Enrico Casagrande : Le théâtre aux poudres
Scène

Enrico Casagrande : Le théâtre aux poudres

Enrico Casagrande, de la compagnie italienne Motus, revisite Antigone avec Too Late! (antigone) contest #2 et Alexis, una tragedia greca. Retour à l’antique révolte pour éclairer celle de l’homme contemporain.

Pour sa troisième visite à Montréal, Motus débarque au FTA avec deux créations liées au projet Syrma Antigones lancé en 2008. Après les figures contemporaines de Genet, Pasolini et Fassbinder, la dramaturge Daniela Nicolò et le metteur en scène Enrico Casagrande sont partis sur les traces d’Antigone. "On a trouvé des questions encore très vivantes chez Antigone qui nous confrontent avec la société et la Grèce d’aujourd’hui, qui cherche à sortir de cette situation financière catastrophique", explique Casagrande.

La compagnie, réputée pour son théâtre engagé qui appelle à l’action, a mené une enquête en Grèce autour d’un adolescent de 15 ans, Alexandros Grigoropoulos, mort sous le feu des policiers au cours d’une manifestation en 2008. Cette icône de la jeunesse rebelle leur a inspiré Alexis, un projet théâtral lié à une expérience de terrain, puisant dans la tragédie réelle et actuelle. "Ce jeune a donné à toute la société civile une raison de sortir dans la rue et a amorcé un processus de transformation profonde de la Grèce, qui est devenue le miroir des autres pays d’Europe. Il y a peu de possibilités pour la jeunesse d’aujourd’hui. La voix d’Antigone est celle de la nouvelle génération qui cherche sa place."
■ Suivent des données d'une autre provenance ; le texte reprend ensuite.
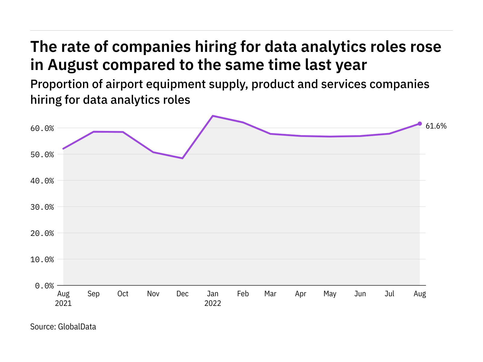 The proportion of airport equipment supply, product and services companies hiring for data analytics related positions rose in August 2022…
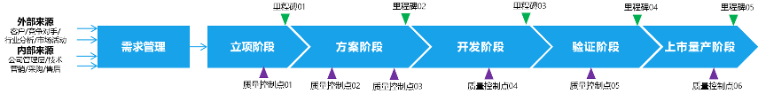 其次,通过立项阶段、方案阶段、开发阶段、验证阶段和上市量产阶段的全过程,并在若干里程碑节点和质量控制点按行业和企业标准进行管控,确保按计划、按质量和按成本要求完成产品研发项目。

Pour les deux complices, le théâtre est une arme de "terrorisme poétique" qui doit inciter au débat. Too Late! fait partie d’un triptyque construit sur des affrontements entre les personnages mais aussi entre les acteurs et le public. "Les contests sont des confrontations sur plusieurs thématiques d’Antigone. Dans Too Late!, c’est la relation entre deux générations: Créon d’un côté, Antigone et Hémon de l’autre. On partage les questions avec le public qui est placé au coeur de l’espace, ou en position semi-frontale."

Too Late! suggère aussi que dans Antigone, les personnages agissent après l’irréparable. Contre cette fatalité, le théâtre Motus invite à agir avant qu’il ne soit trop tard. "Avec Alexis, on a parlé de la Grèce comme d’un laboratoire pour le futur, explique Casagrande. On a présenté le spectacle dans le nord de l’Afrique et puis il y a eu Occupy Wall Street. Ce mouvement mondial nous a donné une force incroyable de réflexion. On n’est pas arrivés trop tard, mais trop tôt! On a participé à quelque chose d’immense et partagé une dimension de recherche et de révolte dans le contemporain."

À partir de la version de Brecht qui met l’accent sur la relation d’Antigone avec le pouvoir, les deux pièces établissent donc un pont entre des forces archaïques et celles d’aujourd’hui pour forger le combat de demain. "C’est utopique et la révolution est difficile aujourd’hui, mais je crois que le théâtre peut entrer dans le politique", confie Casagrande. On est tenté d’y croire.